◆ Material supplied:
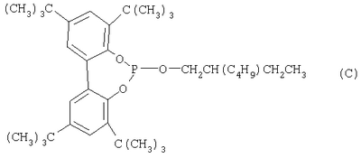 где Т1 – линейный или разветвленный алкил с 1-36 атомами углерода, циклоалкил с 5-12 атомами углерода, аралкил с 7-9 атомами углерода или упомянутый аралкил, замещенный одним или двумя алкилами с 1-12 углеродными атомами или одним или двумя атомами галогена; Т2 – водород или, независимо, представляет собой то же, что и Т1; и Т3 – аллил, линейный или разветвленный алкил с 1-36 атомами углерода, циклоалкил с 5-18 атомами углерода, циклоалкенил с 5-18 атомами углерода или линейный или разветвленный алкил с 1-4 атомами углерода, замещенный фенилом, или фенилом, замещенным одной или двумя алкильными группами, содержащими от 1 до 4 углеродных атомов, или одним или двумя атомами галогена. 9. Способ по п.1, в котором компонент (ii) представляет собой O-аллил-N,N-диоктадецилгидроксиламин, или O-н-пропил-N,N-диоктадецилгидроксиламин, или N,N-дигидрированный жирный ацетоксиамин. 10. Способ по п.1, где нитроновые стабилизаторы (iii) имеют формулу V
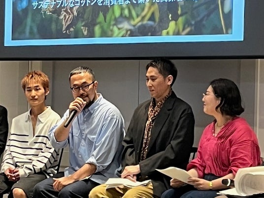 続く、トークイベントでは、スタイレム瀧定大阪(株)、タキヒョー(株)、WWFジャパンの皆さまとともに、企業を原材料生産の栽培という「農業」にまで突き動かしたもの、具体的な国内外の取り組み、現状の課題や思いをそれぞれに話し、ファッションのサステナビリティに関わる学生たちも参加し、率直な意見を交換しました。
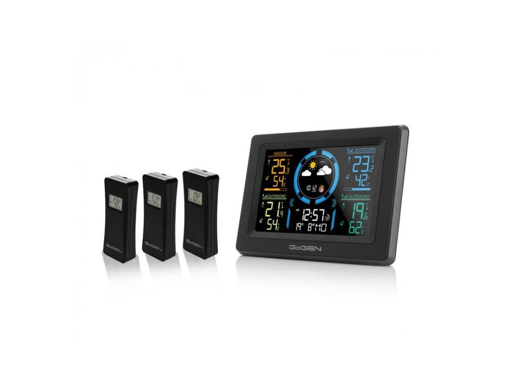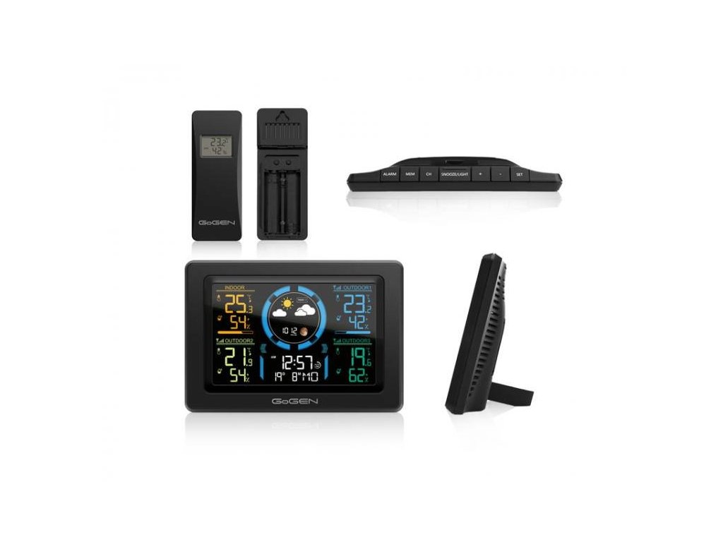 Meteostanice Gogen ME3397B s barevným displejem, černá, 3 čidla
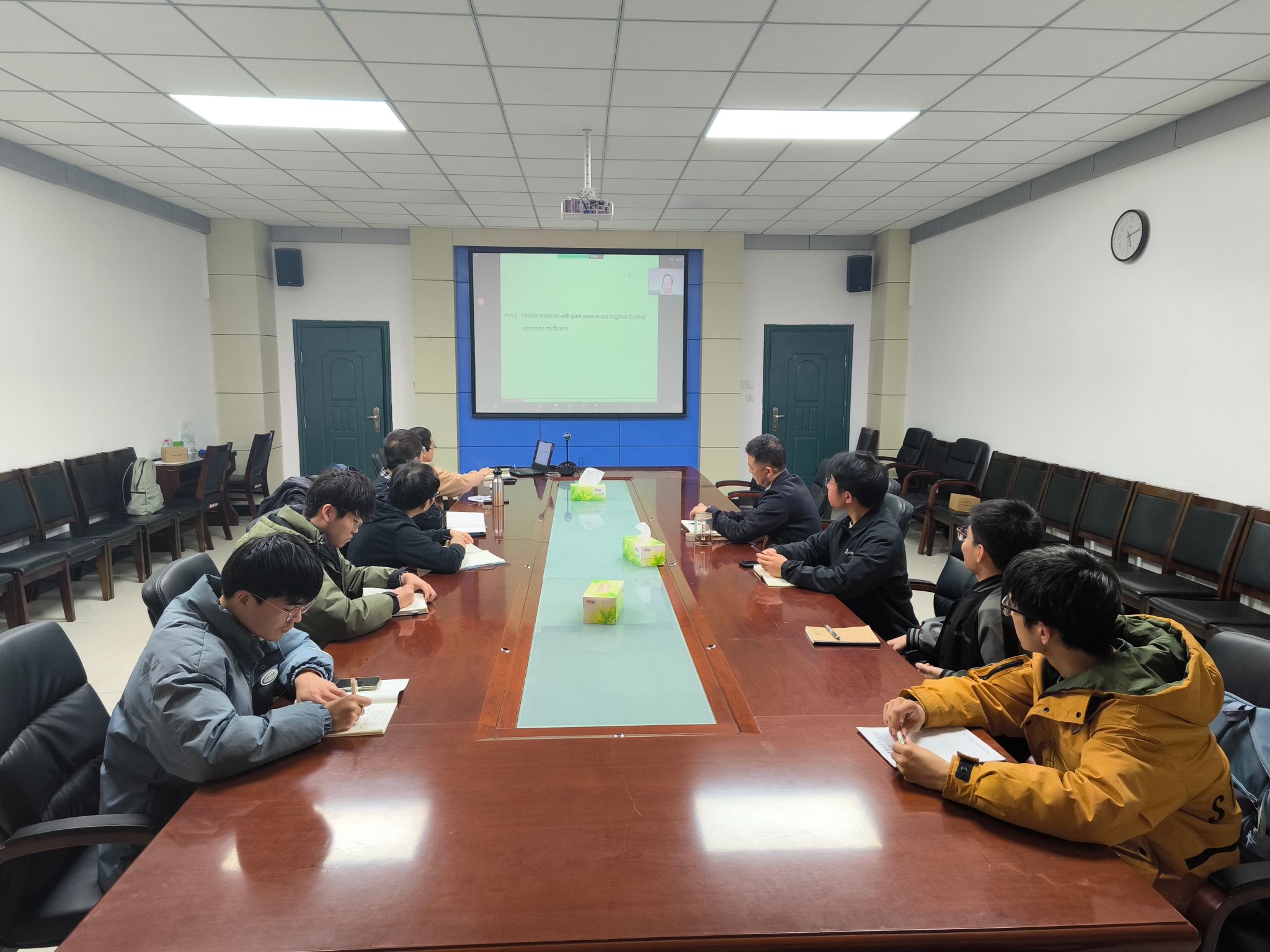 朱漢興首先以負泊松比的材料出發(fā),從熱膨脹系數(shù)、正負泊松比材料的變化形態(tài)、負泊松比材料的結(jié)構(gòu)設(shè)計探討了負泊松比材料的發(fā)展趨勢。報告詳細介紹了負泊松比材料的理論原理,二維與三維負泊松比材料的結(jié)構(gòu)設(shè)計,以及負泊松比材料的發(fā)展趨勢。報告最后分享了朱漢興的研究成果和多孔負泊松比材料的優(yōu)勢。報告結(jié)束后,機電學院師生積極向朱漢興請教關(guān)于負泊松比材料的設(shè)計、制備、發(fā)展趨勢以及等問題,朱漢興做出了熱情的回答和交流。
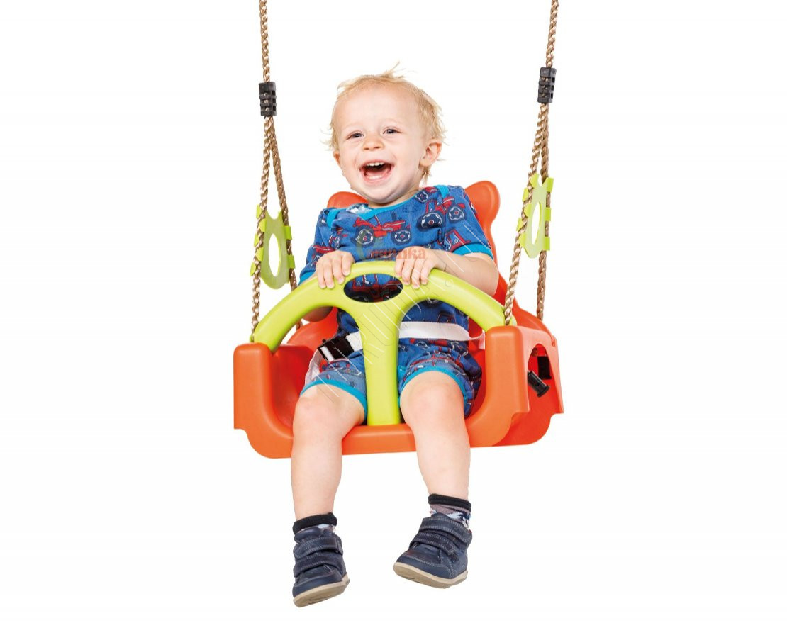 Качели состоят из трёх частей, в комплект входит ремень безопасности.
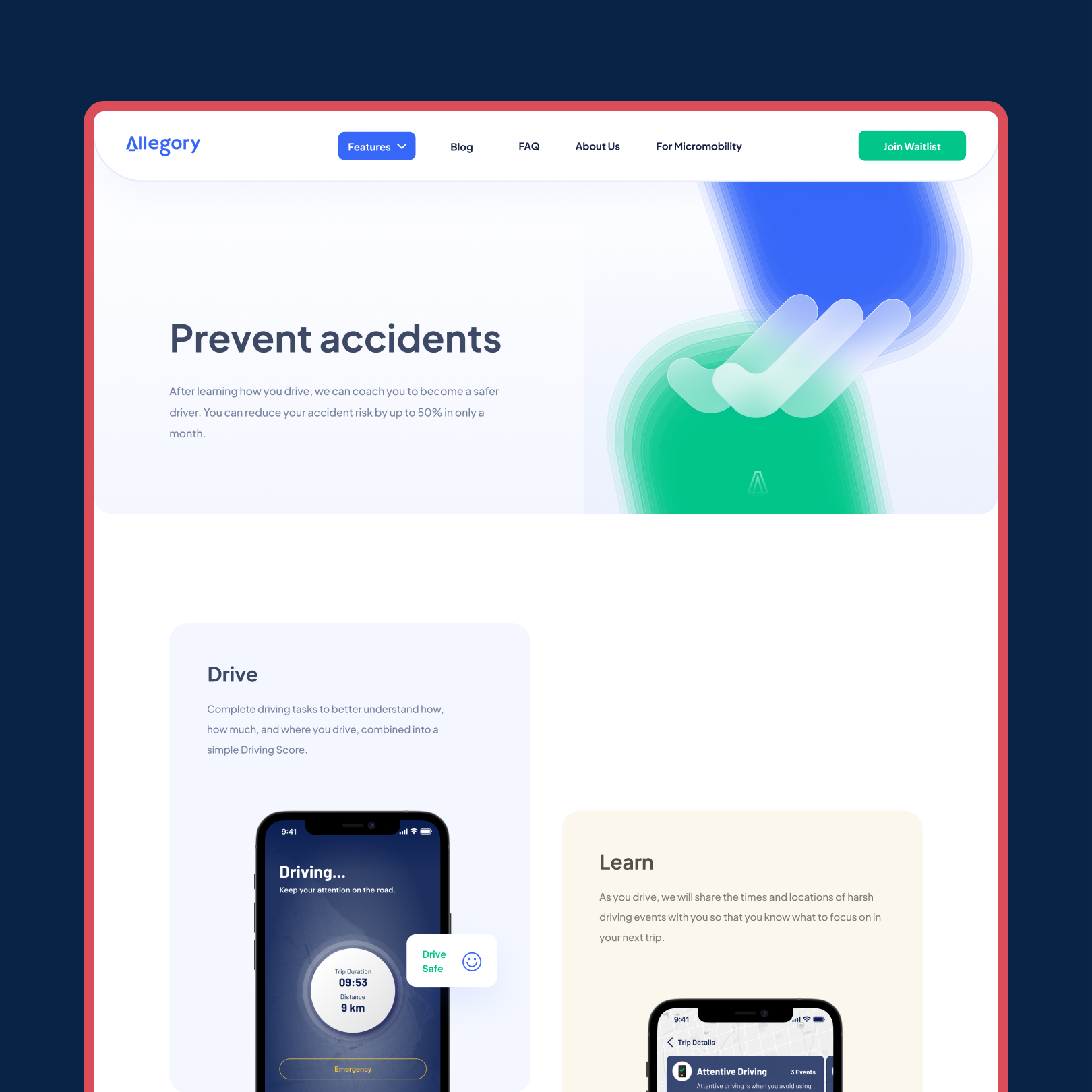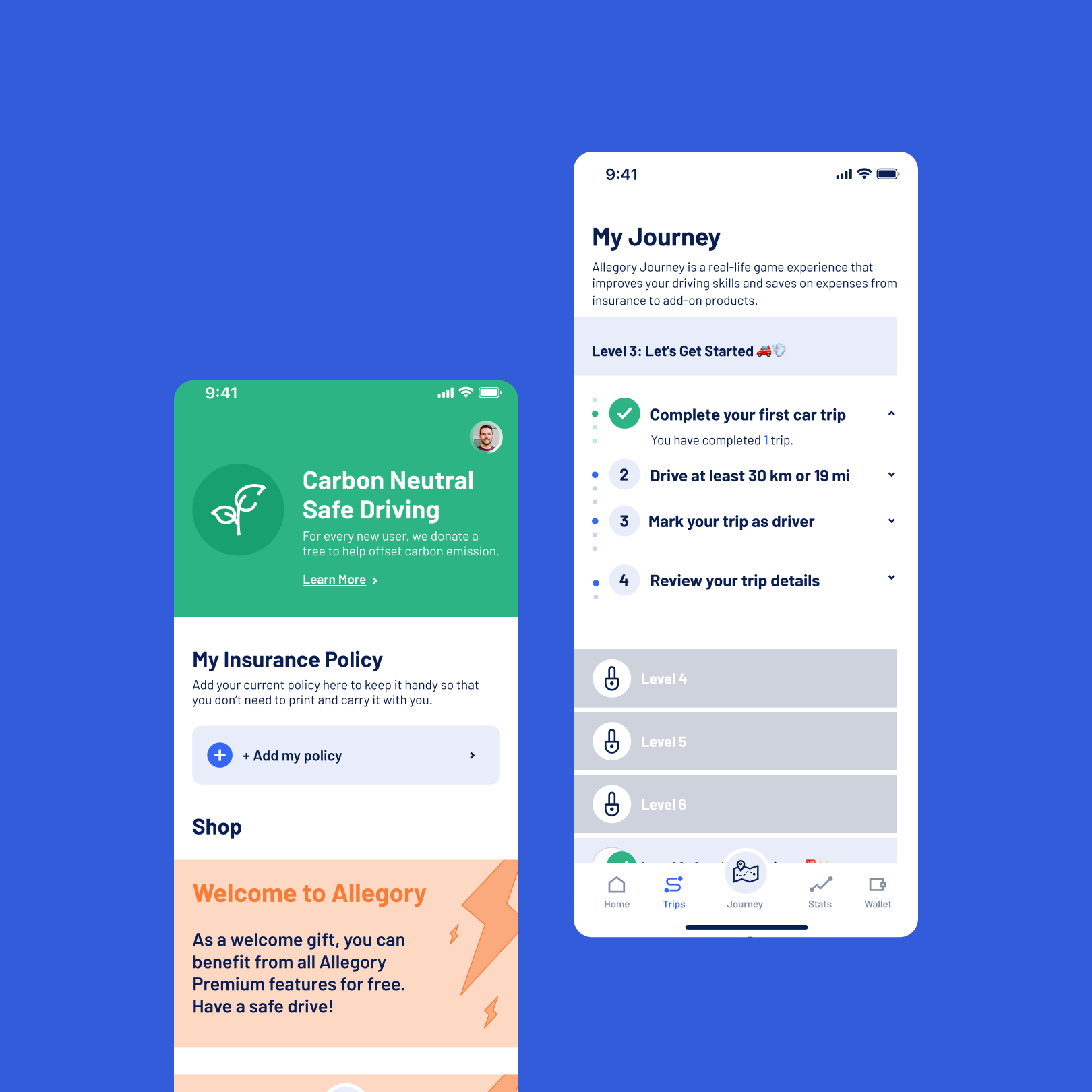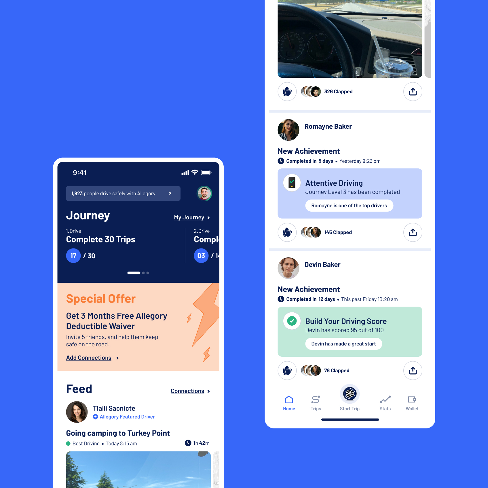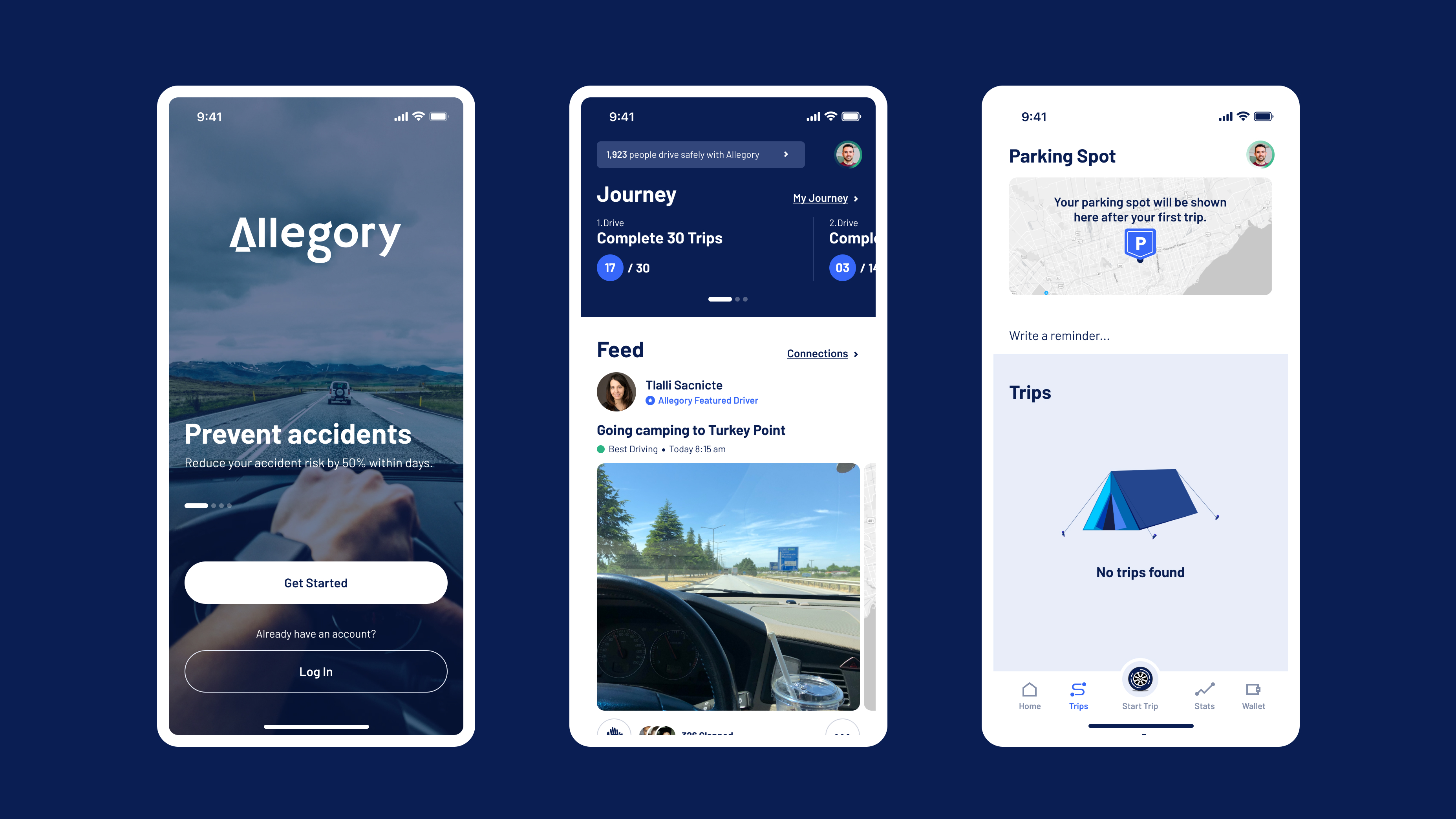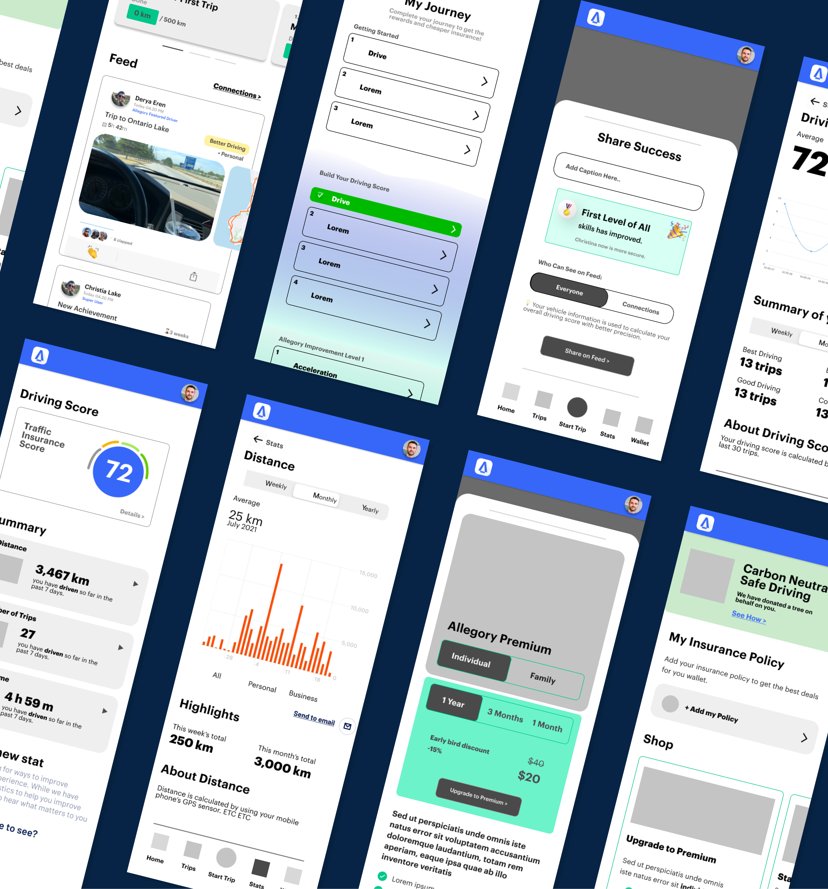Designing a mobile app that allows drivers to easily track their driving behavior analytics, improve their skills, and share their achievements within the Allegory community.

◆ Task statement:
Using the listing above, restate exactly the range between the lines holding "続く、トークイベントでは、ス" and "朱漢興首先以負泊松比的材料出", inclusive, with pictures left out.

◆ Answer box:
 続く、トークイベントでは、スタイレム瀧定大阪(株)、タキヒョー(株)、WWFジャパンの皆さまとともに、企業を原材料生産の栽培という「農業」にまで突き動かしたもの、具体的な国内外の取り組み、現状の課題や思いをそれぞれに話し、ファッションのサステナビリティに関わる学生たちも参加し、率直な意見を交換しました。
 Meteostanice Gogen ME3397B s barevným displejem, černá, 3 čidla
 朱漢興首先以負泊松比的材料出發(fā),從熱膨脹系數(shù)、正負泊松比材料的變化形態(tài)、負泊松比材料的結(jié)構(gòu)設(shè)計探討了負泊松比材料的發(fā)展趨勢。報告詳細介紹了負泊松比材料的理論原理,二維與三維負泊松比材料的結(jié)構(gòu)設(shè)計,以及負泊松比材料的發(fā)展趨勢。報告最后分享了朱漢興的研究成果和多孔負泊松比材料的優(yōu)勢。報告結(jié)束后,機電學院師生積極向朱漢興請教關(guān)于負泊松比材料的設(shè)計、制備、發(fā)展趨勢以及等問題,朱漢興做出了熱情的回答和交流。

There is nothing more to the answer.